As school districts prepare to craft their budgets for the 2013-14 fiscal year, the New York State School Boards Association is offering guidance based on the first year of New York’s property-tax cap. First and foremost, voters were 1-1/2 times more likely to approve budgets whose tax-levy limits were below the 2 percent cap, the organization found. Ninety-nine percent of budgets at or below the cap were approved, but voters passed 60 percent of budgets that were above the cap and required a supermajority of voters for adoption.
Last year, 623 school districts had budgets that were below the cap and 48 were above it, according to the group.
The cap is 2 percent or the level of inflation, whichever is less.
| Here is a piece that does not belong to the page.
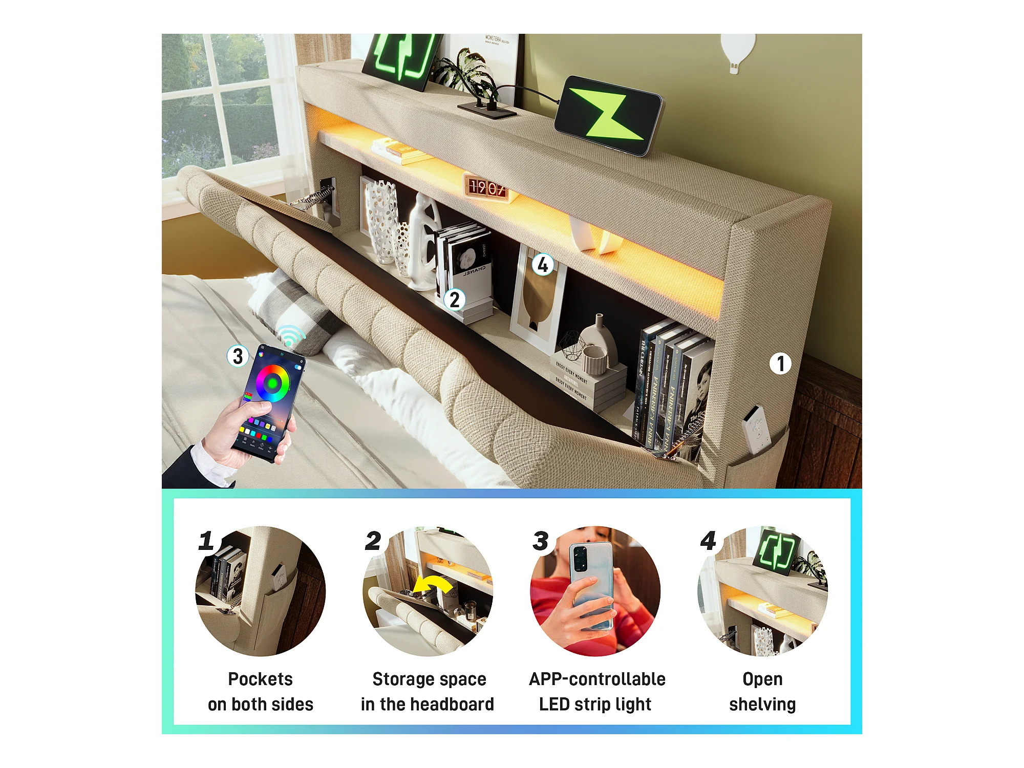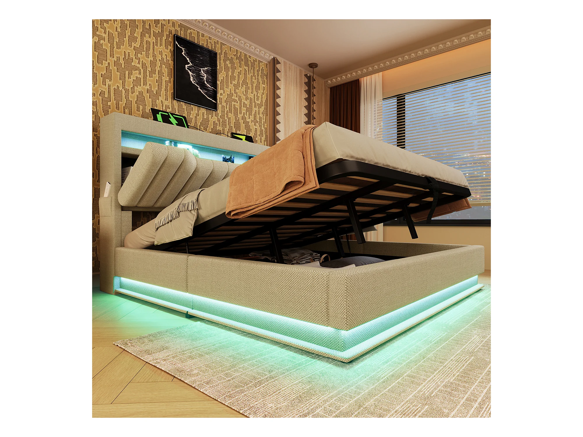 Lit coffre capitonné 160x200cm - avec LED - avec ports USB et Type-C - tissu en Lin - tête de lit avec espace de rangement - Beige

It was 2 percent last year and 2 percent for local governments with 2013 bugets that match the budget year and fiscal years that run from March 1, 2013 to Feb. 28, 2014. The state Comptroller’s Office has not yet set the rate for school districts, whose budget year begins July 1, 2013 and ends June 30, 2014.
“Based on year one of the cap, the old adage that people vote with their pocketbook rings true,” Timothy Kremer, executive director of the School Boards Association, said in a statement. “Whether quality public schools and the tax cap can peacefully coexist on a long-term basis remains to be seen.”
The report noted that schools continue to struggle due to reduced state aid and a sluggish economy.